School Survival Guide: Creating resilience through holiday magic

A drawing of several symbols of holidays: a jack o' lantern, a dreidel, a shamrock hat, snowflakes, and a string of heart decorations.
(Sasha Matthews • The Student Life)

These next two months are often considered the busiest part of the entire school year. With internship application deadlines, midterms, study abroad applications and upcoming summer plans, it can be difficult to create time for yourself to relax. As I sit at my desk writing this article, my head is swimming with the plethora of assignments I need to complete before I can go to bed for the night — and it’s already 10 p.m.

When mentally strenuous times hit, I turn to the thing I love most: holidays.

Due to my deep belief in fairytales as a child, or the nostalgia that the holiday season brings as I leave my adolescence, I have always been enamored with the idea of beloved holiday icons. Nevertheless, even in my later years of high school, I always forced my entire family to celebrate multiple holidays with me throughout the year.

Valentine’s Day was never complete without a visit from Cupid. On New Year’s Day, Jack Frost was plastered across our kitchen windows with paper snowflakes. On Saint Patrick’s Day, my parents loved how I trashed the house and claimed, “That sneaky Leprechaun did it!”

My so-called “holiday antics” only got worse the day my dad approached me with the idea of excessively decorating for Halloween.

October became our electric bill’s worst nightmare. My dad and I constructed a giant “BOO sign and graveyard out of chicken wire, securing it in the middle of our front yard. Homemade tombstones littered the lawn, while ghosts and witches dangled from the trees. Eventually, the decorations became so extravagant that trick-or-treaters started to take photos in our yard as if my front lawn had somehow become a haunted tourist attraction.

When mentally strenuous times hit, I turn to the thing I love most: holidays.

The most infamous of all was Noriam: a holiday invented by me and my younger brother Liam, which we celebrated every September when we were in elementary school.

The holiday was originally invented because I was a scared first-grader, anxious to go back to school and looking for a fanciful way to focus on the positive.

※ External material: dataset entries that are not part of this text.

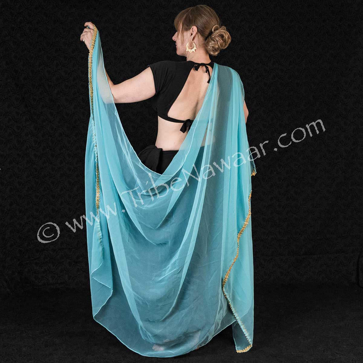 Veil is made of light blue flowing chiffon fabric accented with gold trim on the short ends. Veil can be used as a dance prop, light coverup or as a shawl.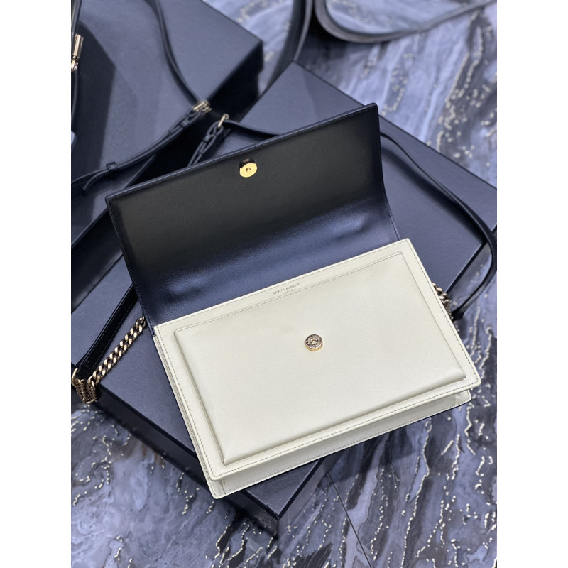 DetailFinished with a leather top handle and an adjustable and detachable leather and chain strap, it can be worn cross-body or over the shoulder. Exterior: 1 flat pocket on the back, Interior: 1 main compartment, 1 flat pocket, 1 gusseted pocket under the flap.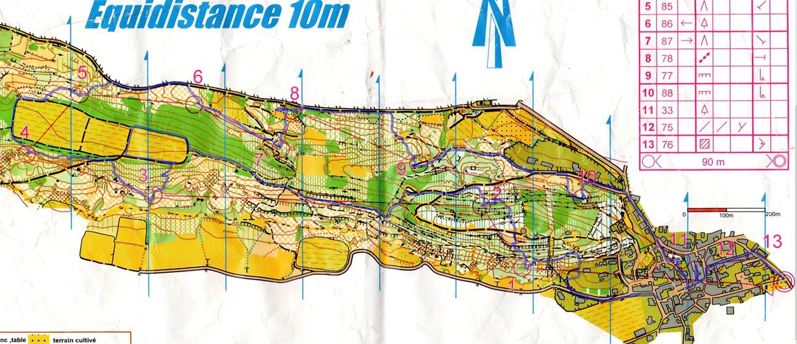 Et ma course ! en regardant la carte trace bleu vous verrez une erreur au départ dans le village (Pour Didier .Fontcouverte et pas Fontfroide !!!)et surtout un jardinage (eh oui ..on peut jardiner dans une terre hostile) sur la balise 2 ..et je sais pourquoi.il faudra retenir la leçon .En sortant de la petite falaise j’ai pris un azimut avec comme point d’appui un muret perpendiculaire a un autre juste avant la balise ..facile !sauf que au dernier moment je me suis dit qu’en avançant un peu je pouvais descendre perpendiculairement à la piste .Stratégie intelligent réfléchie …..et c’est parti..sauf que un peu plus loin. J’ai foncé mais avec l’azimut réglé a la sortie de la falaise …et qu’arriva t il ? je trouve un muret et en route pour ….n’importe quoi ..j’en suis quitte à remonter sur la piste, a me recaler et a aller regarder avec amour (ou haine) la balise qui m’attend légèrement penchée avec un air coquin et a écouter le doux Bip de la rencontre de ma puce avec le boîtier. Ensuite ça s’est déroulé correctement avec une option qui était de suivre la végétation.

Consequently, the seven nights of Noriam (Liam and I combined our names) was born.

The “Great Eagle” would visit my brother and me each of the seven nights, leaving us presents beside a plush teddy bear lovingly placed on our dining room table. When we first brought this Christmas x Hanukkah-inspired holiday to life, both of us were too young and too cheap to actually buy each other gifts. Instead, we gifted each other our own belongings, excitedly laying them out around the teddy bear.

My brother and I’s ability to create a new holiday, and share in our collective imagination, is the type of joy that I aim to remember and recreate during my time in college. Advancing from a scared first-grader to a scared undergraduate student, I have made it a conscious practice to find moments and excuses to celebrate amid the ongoing dread of adult responsibilities.

Although my stubbornness to uphold holiday traditions has wavered more in the past few years — as reality frequently sinks its claws even deeper into my “adult brain” — I still create time to celebrate the things that evoke my enthusiasm.

Whenever there’s a holiday coming up, I tell myself that if I finish my paper by a certain date, I can go and order holiday decorations from Amazon to liven up my dorm room. 

For example, despite the stress of this past week, the Valentine’s Day decorations I hung in my room lifted my spirits when I was worrying about my assignments. My mom even sent me a small gift from “Cupid.”

With the typical heavy workloads and high expectations of the 5Cs hovering over our heads, it’s easy for college life to lose its spark. My point is, whether it’s something as seemingly insignificant as celebrating a holiday, find the one thing that will always make your life exciting and will help you bounce back when you’re struggling. It could be rewarding yourself with a chocolate chip cookie from Crème Bakery after a midterm or watching a football game with friends at the end of a long week. If that motivation happens to be an absurd holiday named after you and your sibling, then it’s even better!

Norah Mannle CM ’27 hails from the suburbs of Washington D.C. In her free time, she enjoys long walks, critiquing new coffee shops and skiing.